Google (from Oxford) provides simpler definitions: "Think, understand, and form judgements logically." "Find an answer to a problem by considering possible options."

Cambridge: Reason (verb): "to try to understand and to make judgments based on practical facts" Reasoning (noun): "the process of thinking about something in order to make a decision"

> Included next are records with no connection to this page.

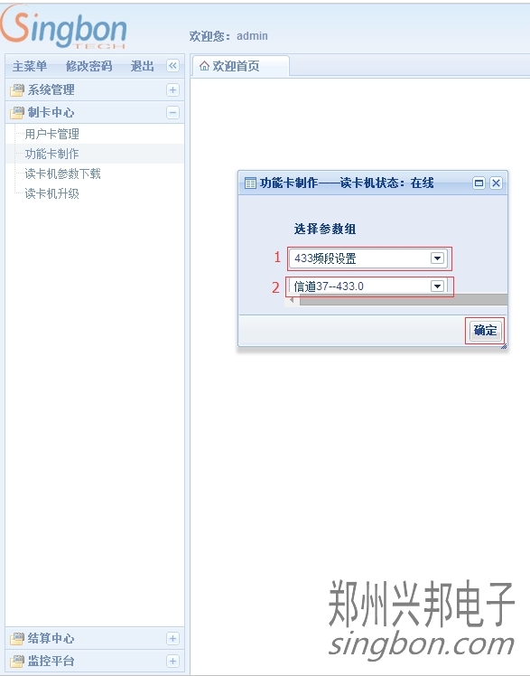 在上圖中,方框1處參數(shù)組選擇“433頻段設(shè)置”,方框2處是供用戶選擇的信道,用戶選擇好需要使用的信道后,在綁定的讀卡機(jī)上放一張相同參數(shù)未發(fā)行的卡片,點(diǎn)擊“確定”按鈕后功能卡制作成功。用制作好的功能卡在機(jī)器的刷卡處刷卡,從而修改機(jī)器的信道。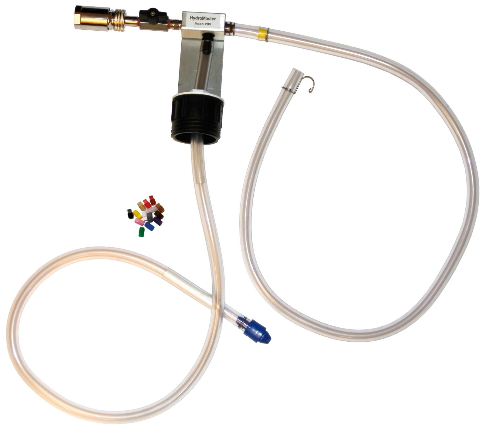 Doseringsutrustning som blandar 1% – 50%. Injektorn drivs av vanligt vattentryck och är utrustad med backventil till färskvattnet. Önskad blandning justeras enkelt med hjälp av munstycken. Godkänd enligt Din19884 och Din En1717. Det finns även backventil i sugslangen till kem-fatet. Lämplig för alkaliska tvättmedel samt spolarvätska. OBS! Ej glykol.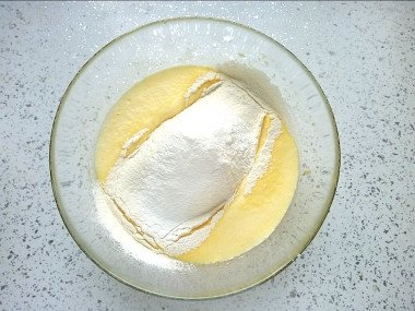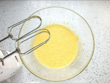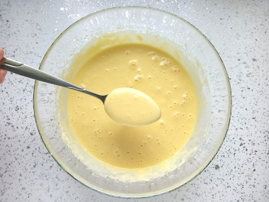 У меня в наличии были только мелкие яйца, поэтому взяла три штуки. В остальном все по рецепту. Яйца взбила с сахаром и солью, добавила молоко комнатной температуры и растительное масло без запаха. Муку и разрыхлитель просеяла, вмешала сначала ложкой, затем взбила миксером. Тесто довольно жидкое, немного похоже на бисквитное.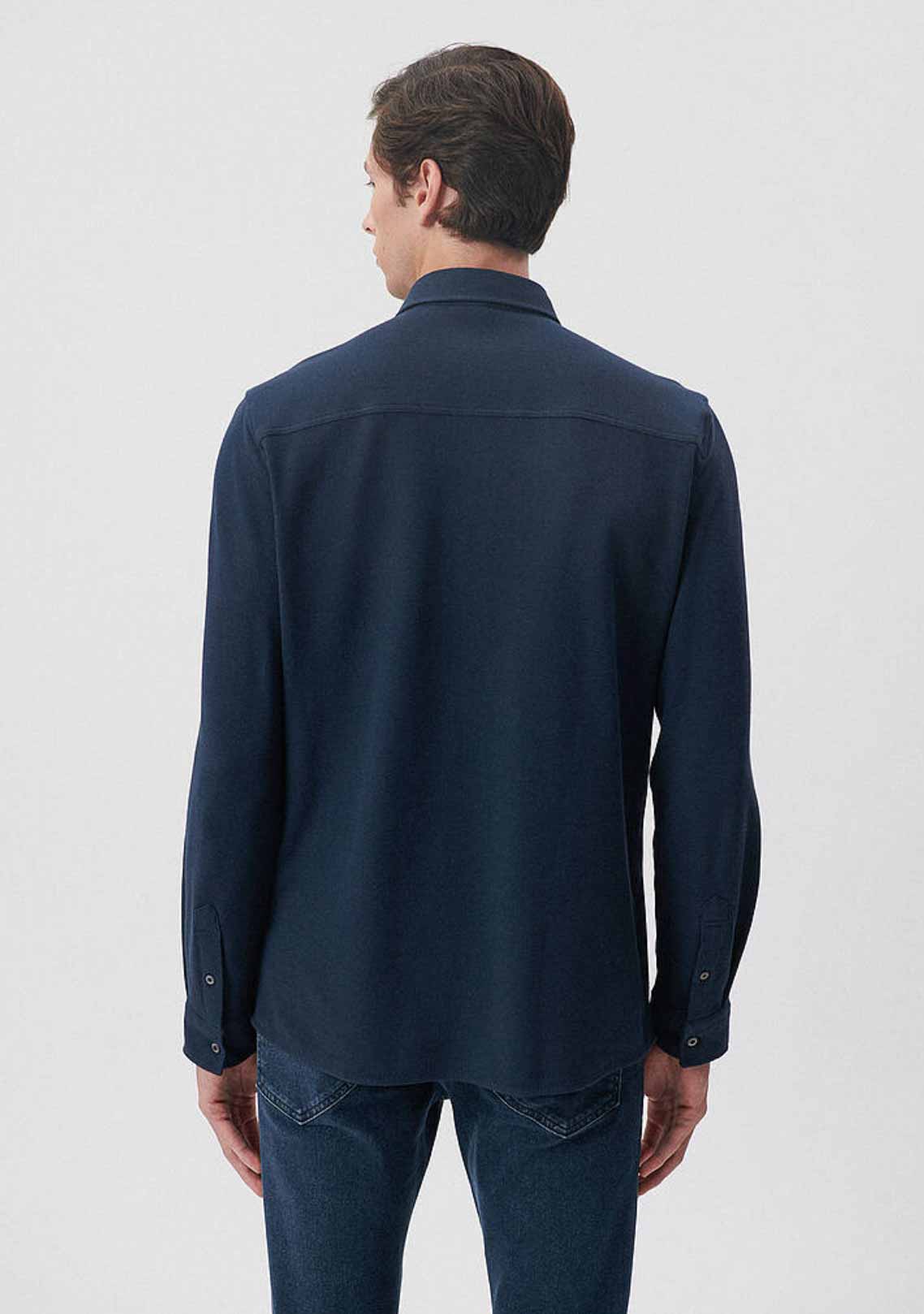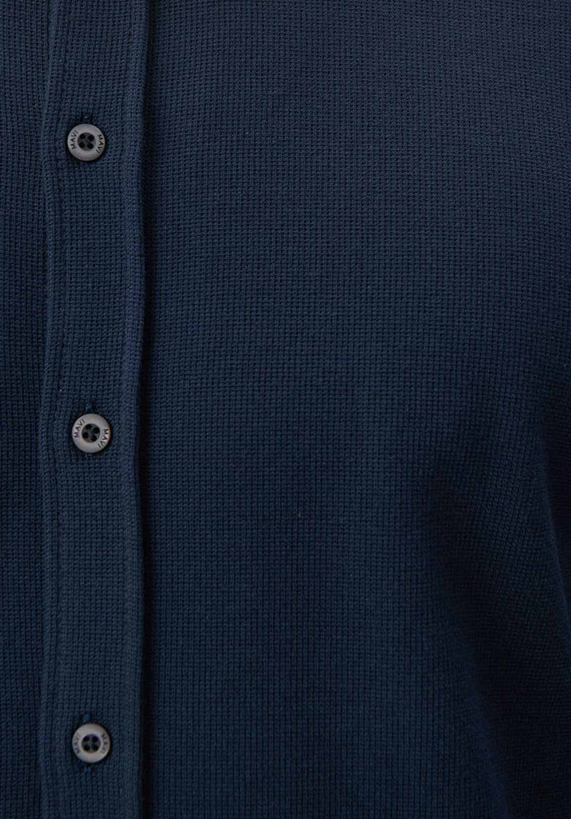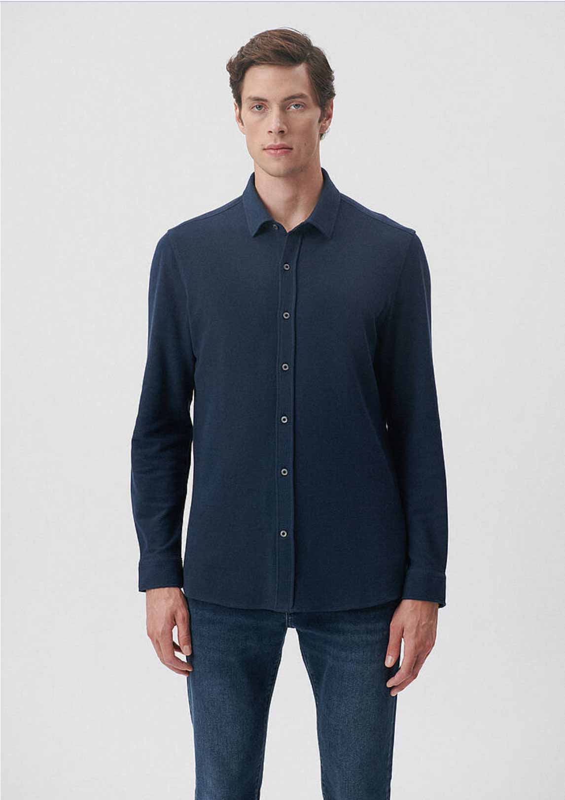 Lacivert Örme Fit Kesim Metal Düğmeli Gömlek

Wikipedia uses the word "consciously" without giving a reference and The Routledge talks about the reasoning as the human behavior. Other definitions point to an algorithmic or logical process that machines are capable of. The problematic concepts here are "Understanding" and "Judgement". It's still not clear if LLMs can really do these, or will be able to do in the future.


heres mine..

0) theory == symbolic representation of a world with associated rules for generating statements

1) understanding the why of anything == building a theory of it

2) intelligence == ability to build theories

3) reasoning == proving or disproving statements using a theory

4) math == theories of abstract worlds

5) science == theories of real world with associated real world actions to test statements

If you use this framework, LLMs are just doing a mimicry of reasoning (from their training set), and a lot of people are falling for that illusion - because, our everyday reasoning jives very well with what the LLM does.